For enterprises choosing among these vendors, the trade-offs are clear. Platform giants deliver scale, compliance, and integration across modalities. Niche players like ElevenLabs and Resemble offer finer-grained control over model weights, licensing rights, and data residency.
What the shift means
The voice-AI market illustrates a broader trend in enterprise technology: companies are moving from renting general-purpose models to owning customized models trained on their own IP, voices, and brand assets. ElevenLabs’ licensing marketplace shows how a model’s output (the voice itself) can become proprietary. That notion parallels similar movements in image and language modeling, where enterprises are seeking control for compliance, consistency, and differentiation.

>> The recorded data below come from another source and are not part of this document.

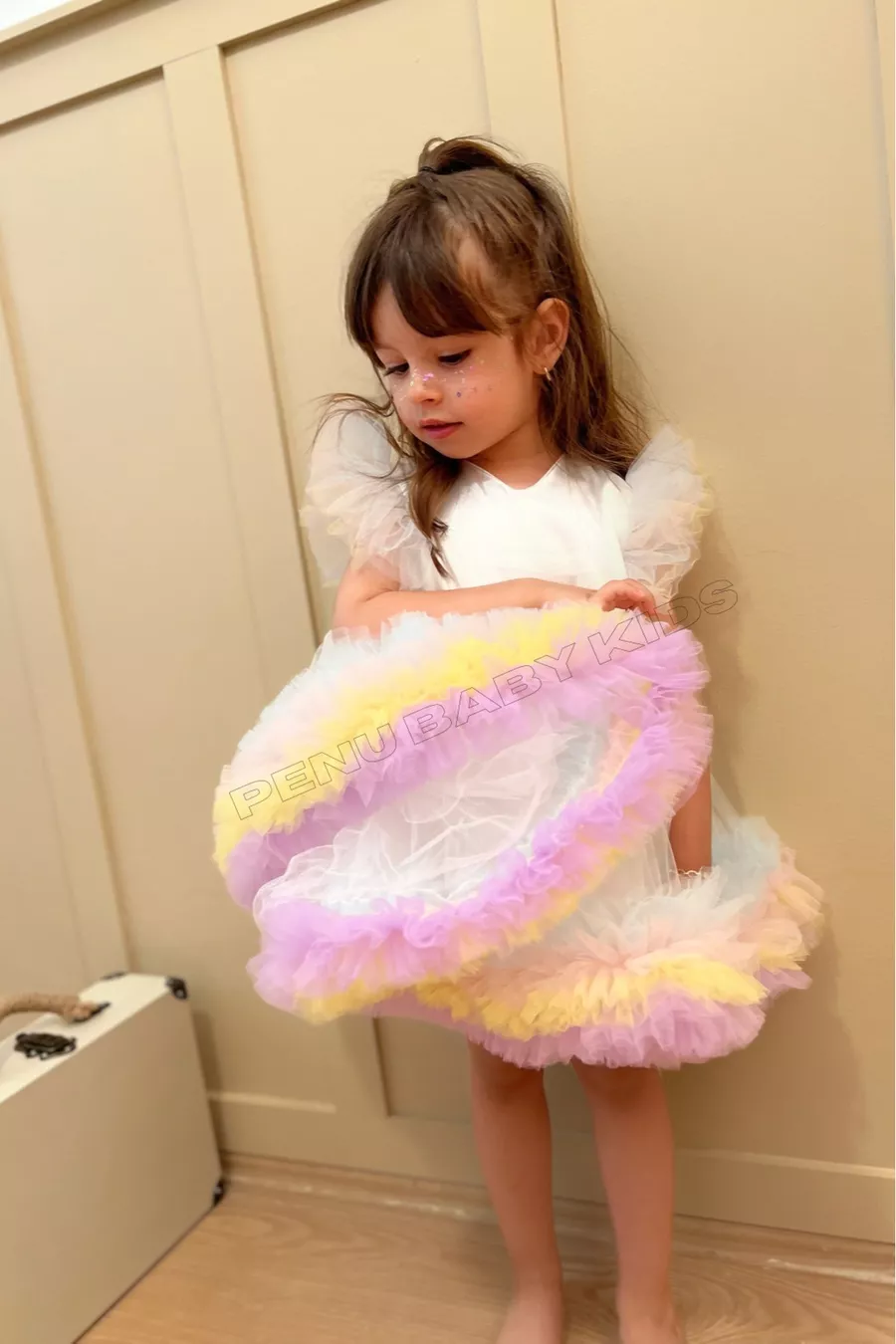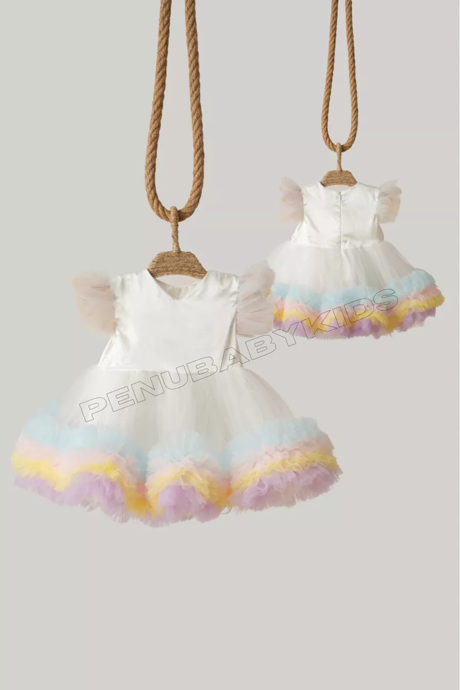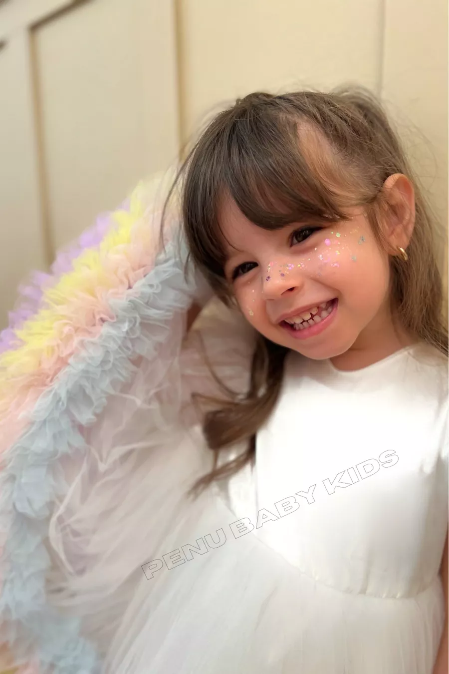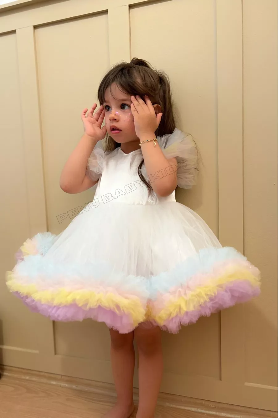 Witte Carnaval Gedetailleerde Korte Mouwen Babykleertje voor Meisjes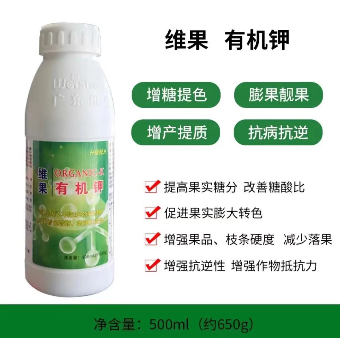 规格:500ml*20瓶 描述:1、提高果实糖分,改善糖酸比; 2、促进果实膨大转色; 3、增强果品、枝条硬度,减少落果; 4、增强抗逆性,增强作物抵抗力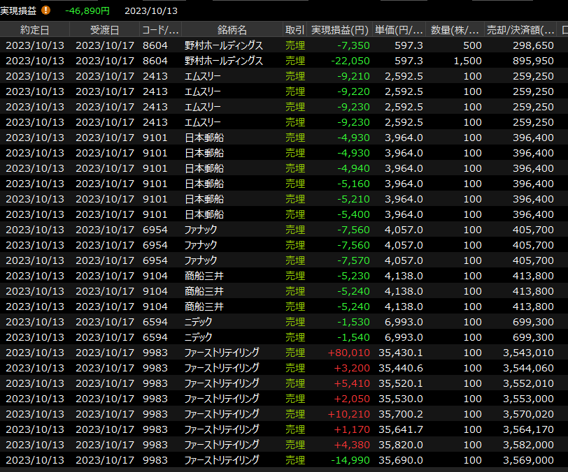 10/13(金)ファストリ以外全滅相場<デイトレ結果>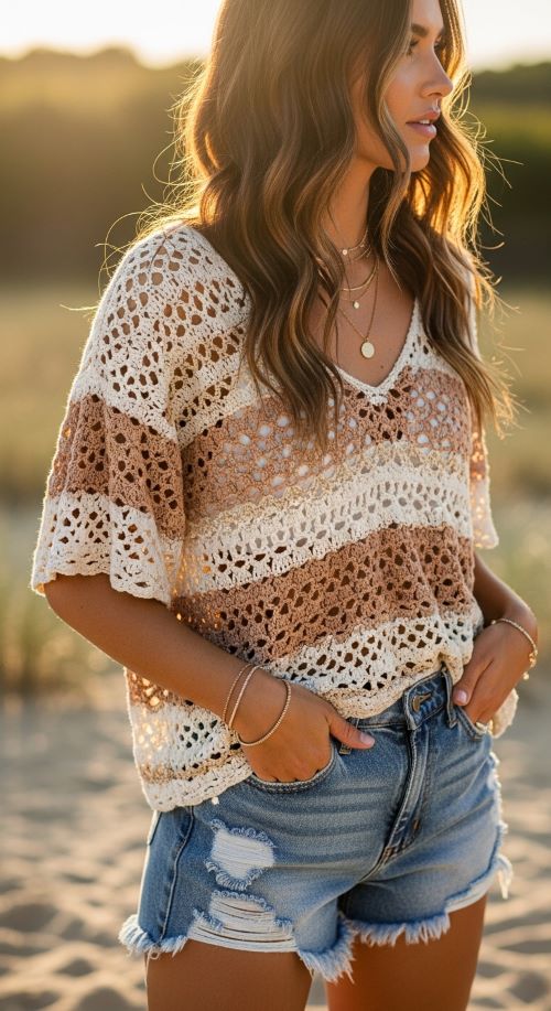 Crochet tops bring texture without feeling heavy. Pair one with denim shorts or loose trousers for a relaxed warm-weather outfit. Neutral crochet colors such as beige, cream, or soft brown are easy to style. If the top feels sheer, layering a simple tank underneath keeps it wearable.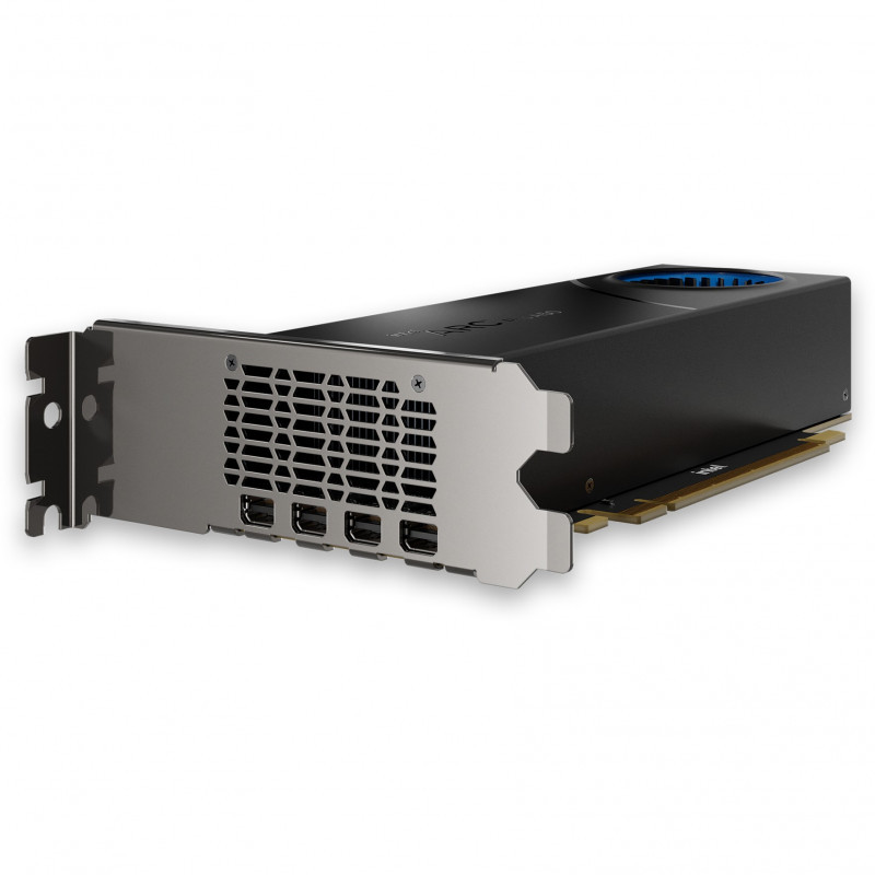 "Intel Arc Pro A50. Graphics processor family: Intel, Graphics processor: Arc Pro A50, Processor frequency: 2050 MHz. Discrete graphics card memory: 6 GB, Graphics card memory type: GDDR6, Memory bus: 96 bit. Maximum resolution: 7680 x 4320 pixels. DirectX version: 12 Ultimate, OpenGL version: 4.6. Interface type: PCI Express x16 4.0. Cooling type: Active, Number of fans: 1 fan(s)"\n"Introducing the latest professional GPU from Intel: the Intel Arc Pro A50 GPU. With built-in ray tracing hardware, graphics acceleration, and machine learning capabilities, the Intel Arc Pro A50 GPU unites fluid viewports, the latest in visual technologies, and rich content creation in a small form factor.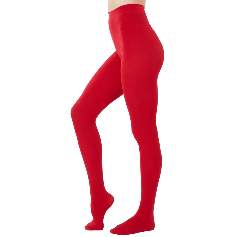 CozyWow Women's 80 Denier Solid Color Soft Opaque Footed Tights red xs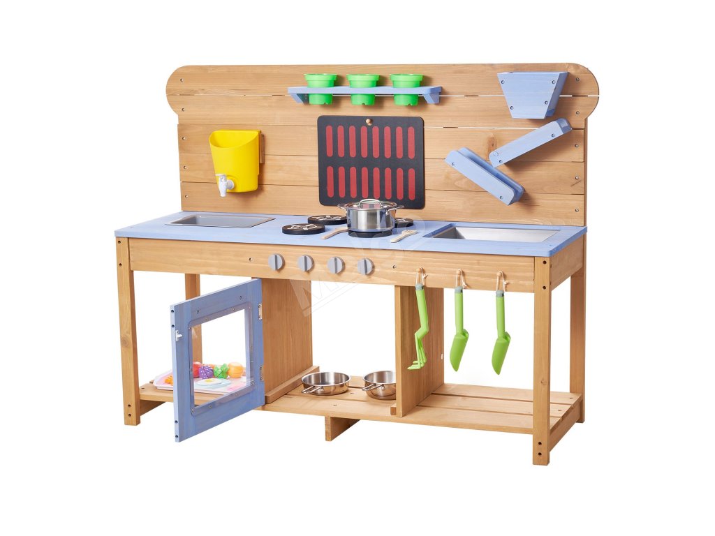 Detská blatová kuchynka drevená so sporákom, dvojitý drez, háčiky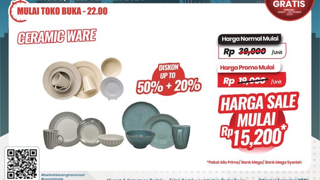 Khusus selama gelaran Transmart Full Day Sale, Ceramic Ware dibanderol dengan harga promo mulai dari Rp 19.000/unit. Padahal harga normalnya dimulai dari Rp 39.900/unit.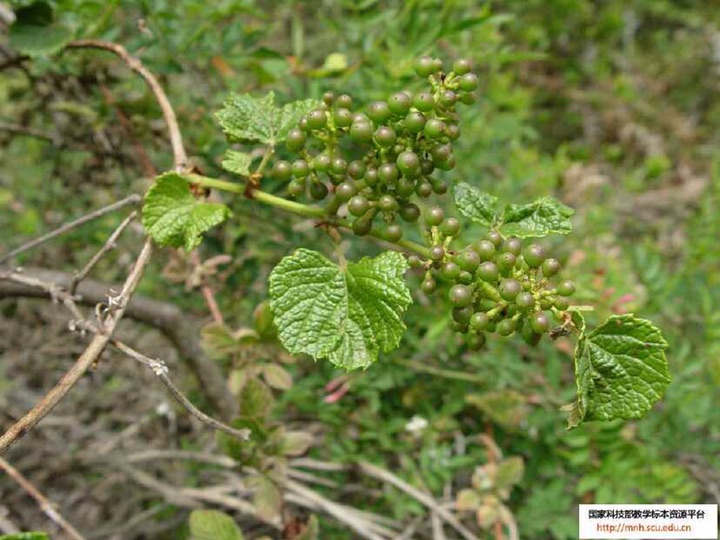 葛藟(gé lěi),葡萄科葡萄属,全称为葛藟葡萄,学名Vitis flexuosa Thunb,落叶木质藤本,叶广卵形,夏季开花,圆锥花序,果实味酸,不能生食,根、茎和果实可供药用。我们小时称其为野葡萄,在山野中乱跑见到的时候,总是想尝一尝它的味道的。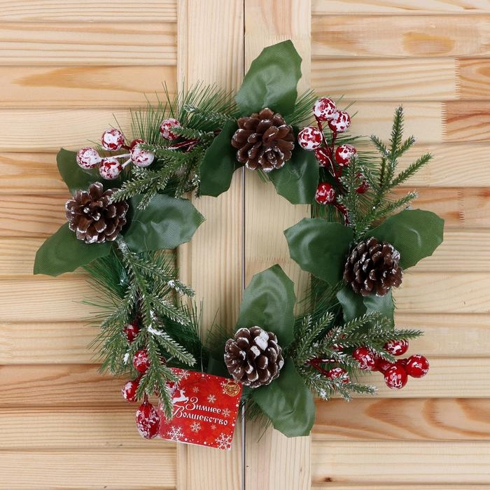 Венок новогодний d-18 см "Глория" шишки и ягодки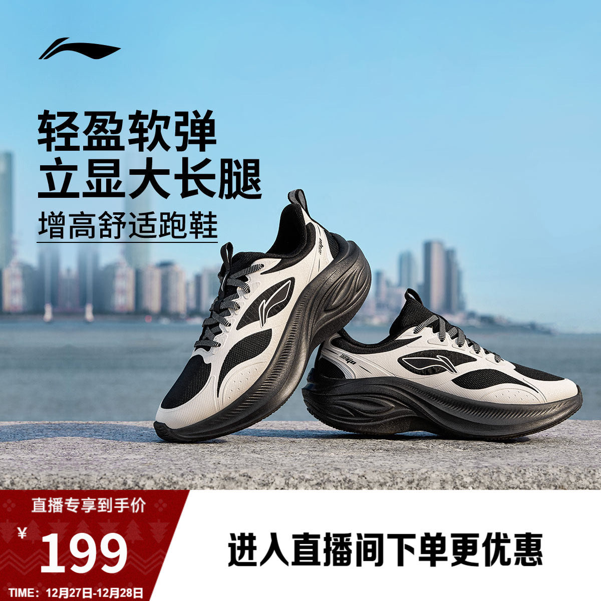 李宁凌波V2丨休闲鞋女熊猫配色软底轻便跑步鞋新款厚底增高运动鞋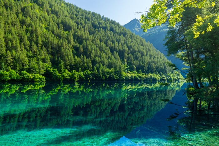 镜海位于树正沟和日则沟的交界处,海拔2390M,是九寨沟著名景点之一。它就像一面镜子,将地上和空中的景物毫不失真地复制到了水面。当晨曦初露,朝霞染红东方天际之时,海水一平如镜,蓝天、白云、雪山悉数被映放在海面,呈现出"鱼在云中游,鸟在水中飞"的奇观。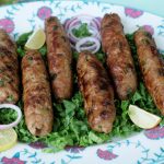 With the help of wet hand,take small quantity (85g) of mixture,make a ball & skew on metal skewers.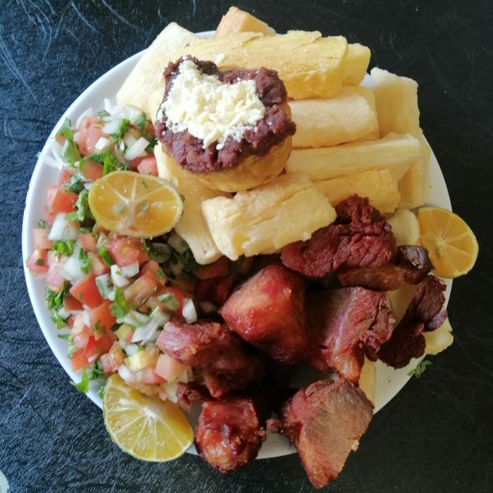 Orden de chicharrones (vigorón) con yuca, patacón y ensalada.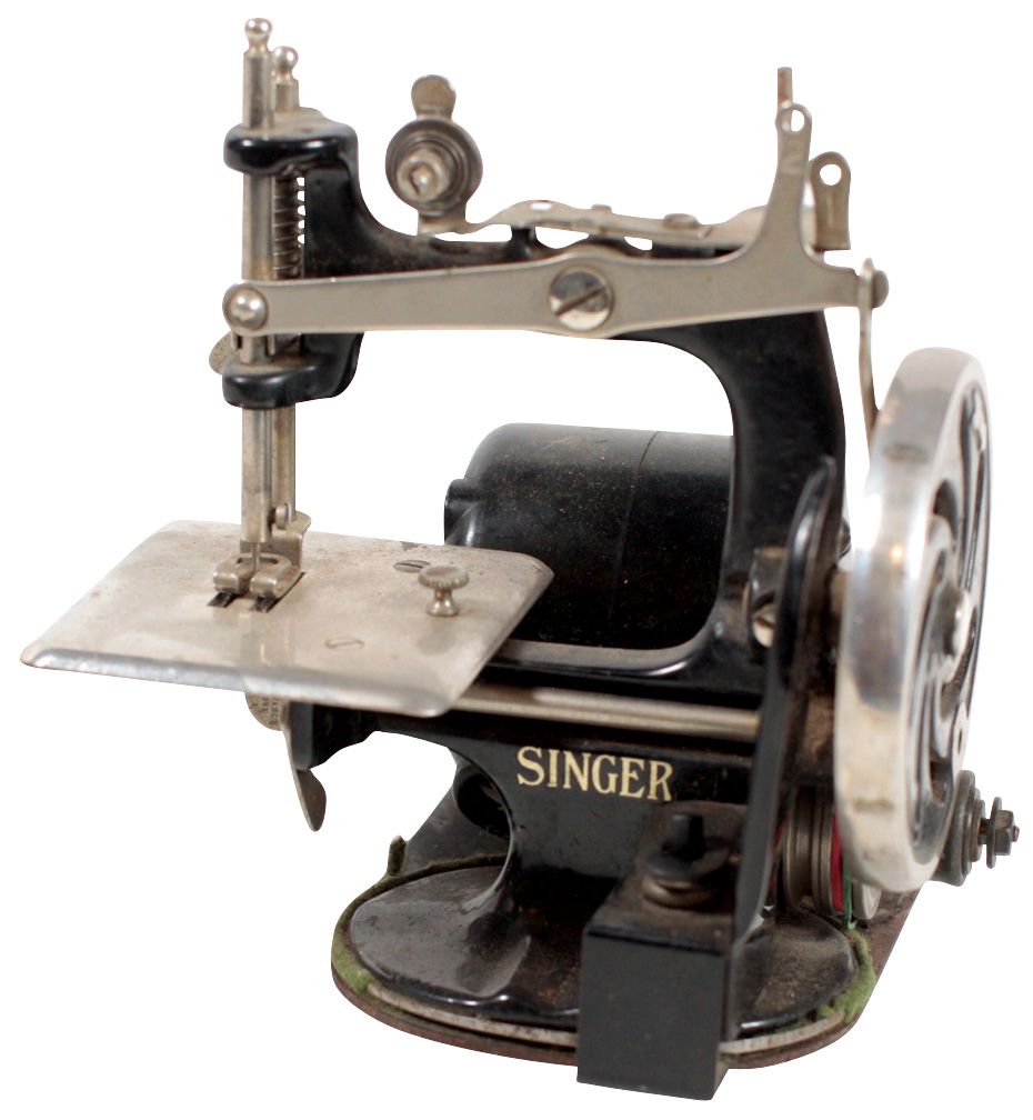 Child's sewing machine, Singer Model J-1, electric, cast iron, a rare model in Exc cond w/some fray on cord, machine compl w/knob but knob not shown in picture, 7"H x 6"W.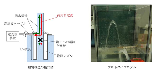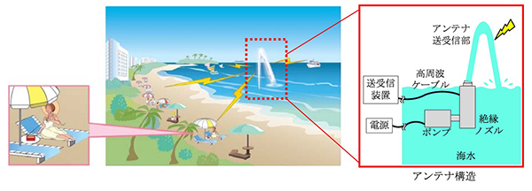 海水アンテナ「シーエアリアル」は、アンテナ送受信部である水柱だけに高周波電流を効率よく流す給電構造(絶縁ノズル)を開発。筒状の絶縁ノズルから海水を噴出することにより、電流が海中に流れることを遮断。十分な太さの水柱を噴出することで、アンテナとして利用するのに成功している。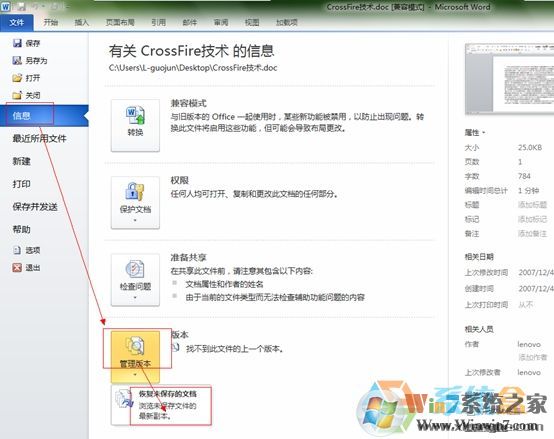 4、點(diǎn)擊版本管理版本—選擇恢復(fù)未保存的文檔即可。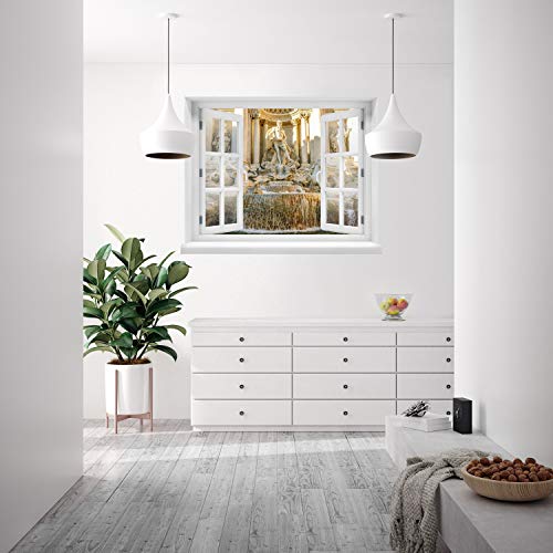 Wandmotiv24 Adesivo da Parete 3D Fontana di Trevi in Rome, Design 03, 90x70cm (BxH), Decorazione, murale, Finestra, Apertura, varco M0801

Operationally, deploying voice at enterprise scale introduces new demands: latency under one second for natural conversation, reliable telephony integration, multilingual performance, and human fallback for failed interactions. Governance adds another layer: tracking consent, licensing rights, and synthetic-voice provenance to prevent misuse. ElevenLabs and OpenAI both now publicize safety frameworks that address these issues, signaling that trust will be as important as technical performance.
ElevenLabs’ bet is that voice is the next model asset, and that enterprises will want to own the sound of their brands as surely as they own their logos or taglines.